戚继光忙拱手,脸有奋色道:“臣不敢负陛下所望,定当竭力,即便粉身碎骨也不怕!”
“朕相信你不会让朕失望。”
朱翊钧笑着说后,就让戚继光退了下去,而他自己则又传见了申时行,询问申时行等关于募银的事。
“启禀陛下,根据徐侍郎报,新勘得的矿可募银两百一十三万两银元,故内阁度支总司印发了两百一十万张认购劵,合计每张劵值价一两银元,而和根据所采得的矿利分利。”
“内阁题请陛下颁旨户部以卖盐引的方式专卖此劵!”
“另有具体认购劵实行条例,也由内阁制策司制定完毕,亦请陛下御览,而准其以诏旨的方式颁布!”
申时行倒也在这时已与王锡爵、王国光等商定好一切细则,且在说后就将厚厚的一沓题本递到了御前。
朱翊钧在张宏将题本放于桉前后,就翻阅了起来,看后就道:“甚好,照此拟旨便是。”
说着,朱翊钧就问着申时行:“申师傅觉得,会有人愿意认购此劵吗?”
申时行没有直接回答。
朱翊钧因而笑着问道:“这还需要犹疑吗?”
“启禀陛下,开塞外矿利固然是令天下人知道天下蛮夷之地非无可取之利,是利国利民之举,但正因为利国利民,就会使新礼更加深入人心,而如此,对于想让民循旧礼而只能依赖土地者,必不愿意。”
“故一旦此劵发行,可能物议非从庙堂之声,何况上千年来,士民对露财于官府这方面是谨慎的,而宁相信佛寺道观,也不相信朝廷,已是常情,皆因官府的确会仗权欺压而使士民对朝廷官府的信任是不及是佛寺道观的。”
“所以,可能认购这事,难以速成,需渐渐让天下士民放下戒备,知道朝廷官府是真心要与其共赢。”
申时行这时奏道。
朱翊钧点首:“朕知道,自宝钞大坏和盐政大坏后,朝廷募银于民,是不宜操之过急,令认购的人少,甚至没有人认购,也不能下严旨强逼;只是卿的意思是不是,会有不愿意让百姓可以不依赖土地者,而强行阻止这事顺利进行?”
申时行拱手称是,且道:“在这之前,广有良田者不是不知道矿利,而是知道开矿,必损旧礼之根基也!盖因依赖土地者,必依赖旧礼,使良田最多者可永为权势最贵之人。”
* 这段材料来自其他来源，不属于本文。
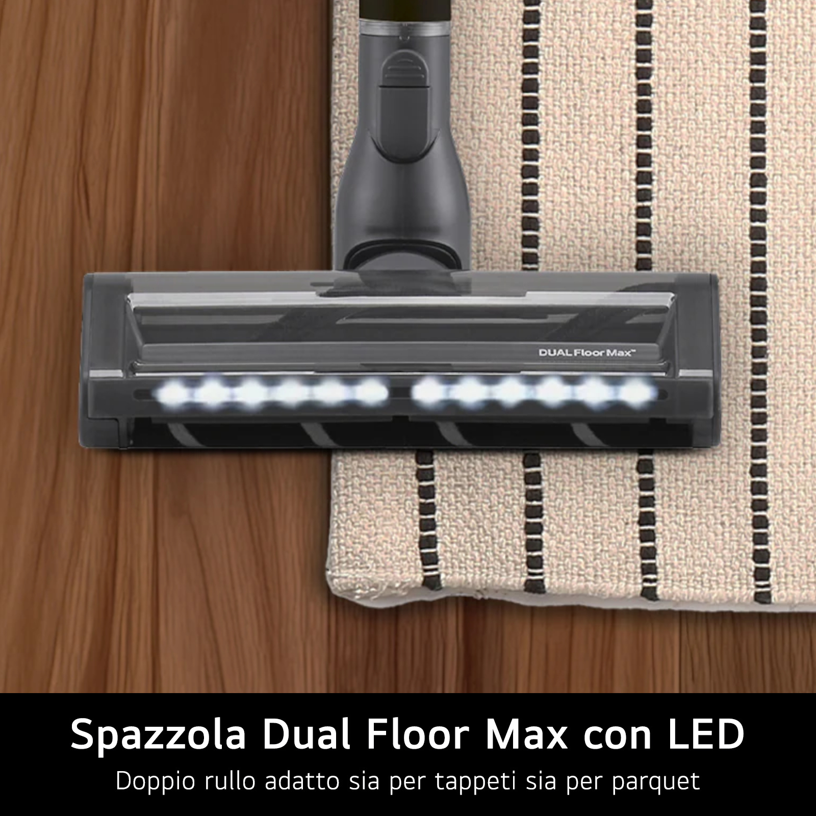 Grazie al suo doppio rullo motorizzato puoi aspirare parquet e tappeti senza cambiare spazzola. Inoltre, il LED rivela polvere integrato ti permette di individuare facilmente lo sporco per un pulito perfetto.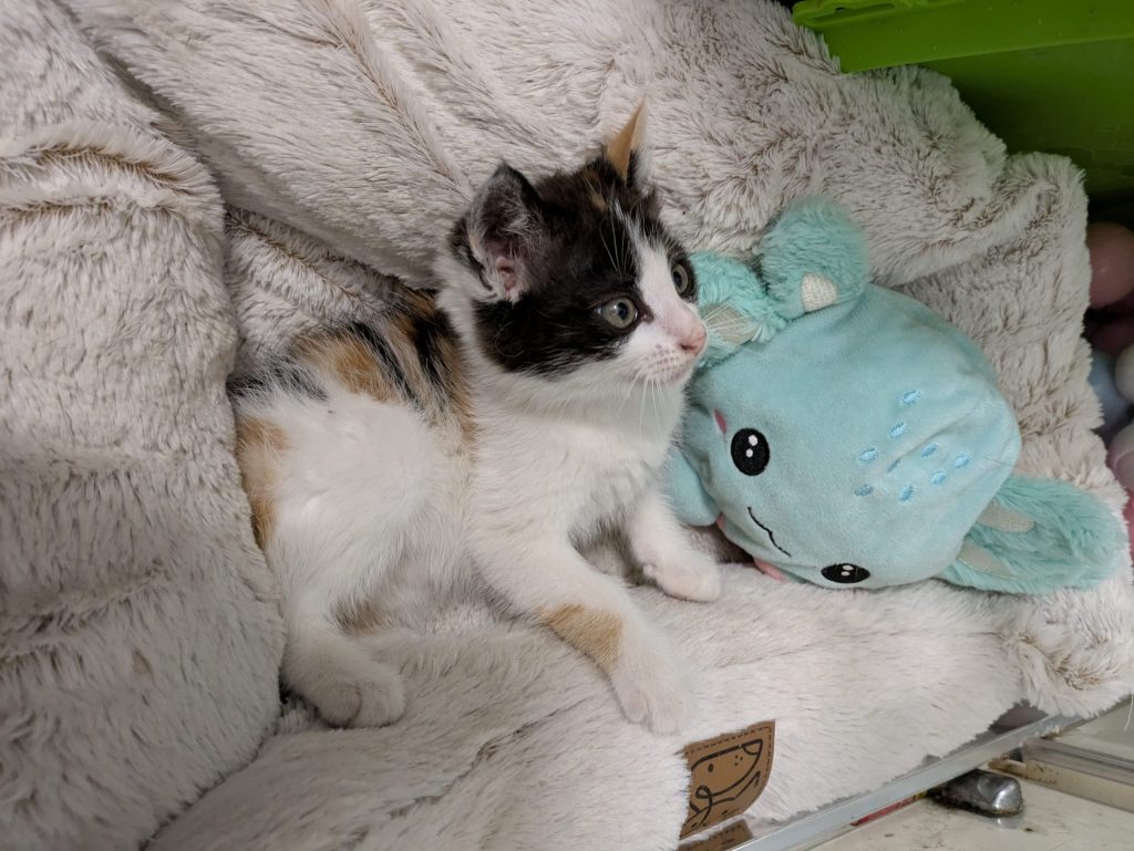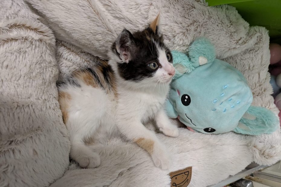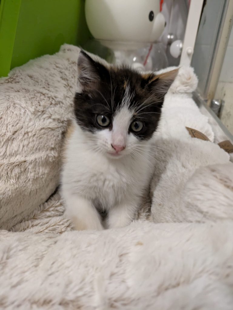 This lovely eight-week-old female Calico kitten is looking for a forever home. Very friendly and using litter tray.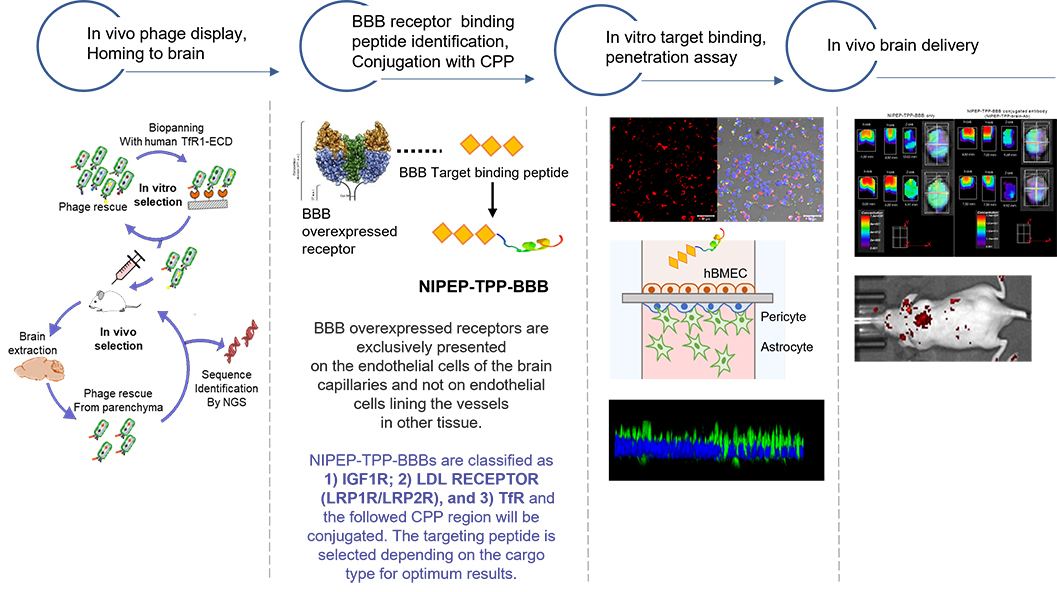 By targeting blood-brain barrier (BBB) receptors, NIPEP-TPP technology can also be used to ferry therapeutics across the BBB, offering hope to patients with notoriously difficult-to-treat Alzheimer’s disease, glioma, and other central nervous system (CNS) disorders. BBB-overexpressed receptors are exclusively presented on the endothelial cells of the brain capillaries and not on endothelial cells lining the vessels in other tissue, resulting in better delivery by the BBB-penetrating NIPEP-TPPs. Once the targeting peptide of our NIPEP-TPP-BBB interacts with one of these receptors, the CPP enables penetration, after which the cargo drug is moved to other regions by transcytosis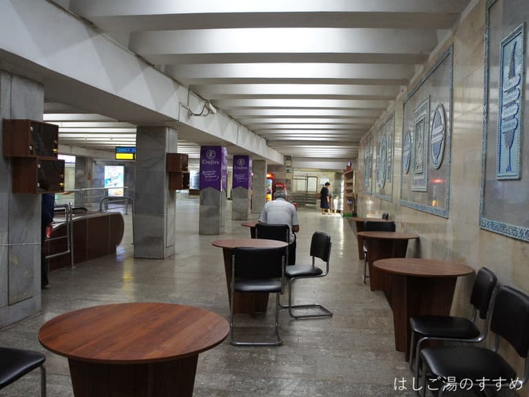 今後ウズベキスタンが旧ソ色を消す方向に進むとなったら、もしかしてこの駅はいずれ改装されるのかな…と思いつつ。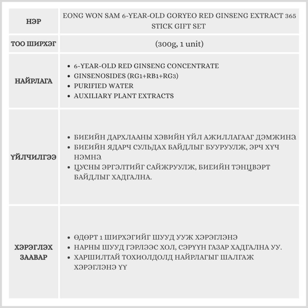 Jeong Won Sam 6-Year-Old Goryeo Red Ginseng Extract 365 Stick Gift Set 300g, 1 unit(Хүн орхоодой)

朱翊钧点了点头:“若只是搅乱物议倒罢了,别图穷匕见就好。”
申时行道:“陛下说的是!如今且看蓟国公。”
朱翊钧点头未语。
而戚继光这里在退下后,就开始思忖着接下来在整顿勋业方面该从何处入手。
戚继光想了一夜,最重决定先去京营看看。
不过,待次日一早,戚继光的轿子刚到京营,京营大门两侧的民房内就突然出现大量白烟,且铳响不绝。
戚继光的轿子顿时被打成了筛子。
守在两侧街道的兵丁皆大为惊讶。
已出来相迎的京营参将王如龙和提督徐汝诚顿时就面如土色。
“枢相!”
徐汝诚最先反应过来,而忙跑过来,扒开了轿帘,然后就见轿子内什么都没有。
徐汝诚笑了起来,大声道:“没事!枢相没在这里!”
“快抓刺客!”
王如龙这时听后也反应过来,忙带人去抄拿,没多久,他的麾下官兵就抬来十多具尸体,皆着京营士兵装扮。
徐汝诚一时额头直冒冷汗。
王如龙更是呆滞在一旁。
徐汝诚过了一会儿才反应过来,且忙吩咐道:“快查其名,如实上报!”
“蓟国公请提督兴安伯回官邸议事!”
而没多久,戚继光亲兵朱雍策马跑来,举着令旗喊了一声。
徐汝诚只得先骑马回了官邸大院。
戚继光在徐汝诚来后,就穿着一身半旧袍子,迎了出来,道:“果然,有人不想我当这个枢密使!”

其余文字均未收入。